At Middlebury in Vermont, student protesters violently shut down an event featuring an invited speaker. At Clemson, the Student Code of Conduct threatens students with punishment – even expulsion – if they speak in a way that offends. At William and Mary, activists shouted down an ACLU representative, who – ironically – was addressing free speech.

There are countless other examples, suggesting that “speech suppression is playing out daily on campuses across the country,” Panuccio said.

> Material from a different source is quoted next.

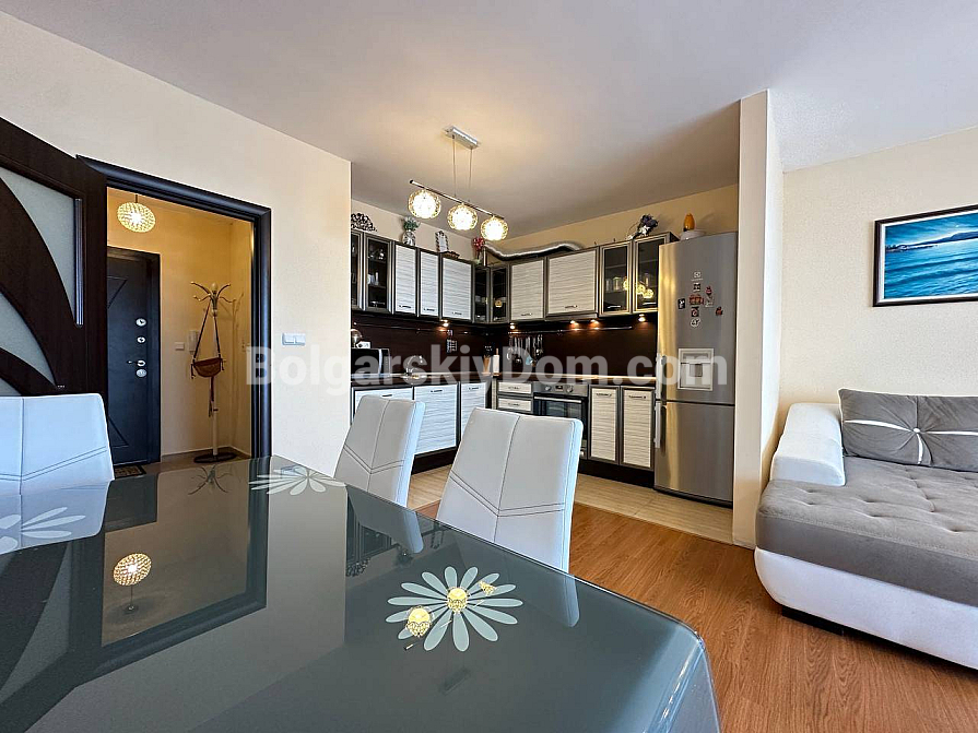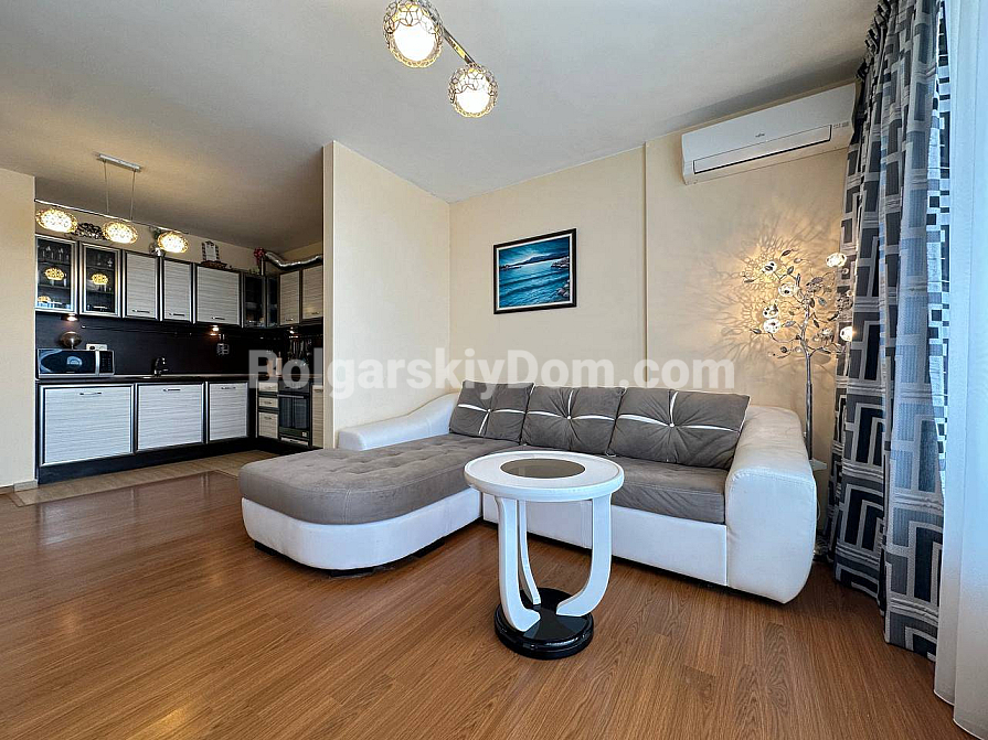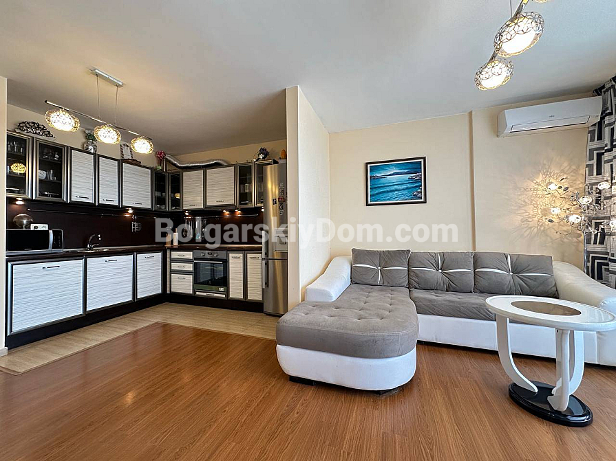 Квартира-мрія для тих, хто хоче обзавестися власним затишним гніздечком в тихому зеленому місці на узбережжі Чорного моря. Двокімнатний апартамент з приємним стильним інтер'єром: площа 74 кв.метра, комфортний четвертий поверх, всього 300 метрів до моря. Має дві просторі тераси з захоплюючим панорамним видом на море. Затишна спальня з великим двоспальним ліжком і шафою-купе. Простора вітальня з великою кухнею, обідньою зоною і зоною відпочинку. Все необхідне для комфортного життя від меблів до техніки тут є. Повністю готова до заселення з першого дня покупки.

“Outrage culture has replaced inquiry culture on our campuses,” he said. Moreover, “even tepid disagreement can be deemed hurtful and thus forbidden,” as shown by the case of Erica and Nicholas Christakis of Yale. For their offense, in an email, of supporting free expression, the Christakises “were subjected to months of protests by students” and ultimately resigned their student-life leadership posts.

Codes of conduct are one means of enforcing the new orthodoxy. But UND’s – to the University’s great credit, Panuccio noted – does not: Students who find a speaker offensive are instructed to offer their own arguments in rebuttal, but not in a way that disrupts the original speech.

“That is exactly right,” Panuccio said. “Kudos to the University of North Dakota for being one of the few institutions that embrace this fundamental idea.”

Now, the task before academia is for faculty and administrators at all universities to once again recognize the primacy of free expression, he said.

“As I mentioned, academic freedom first took hold in 1155,” when teachers demanded protection for scholarly inquiry.

“It is time for the community of scholars to do so again. It is time for members of the academy to again demand the Right to be Wrong, and to make the university the place where hypothesis reigns over dogma.”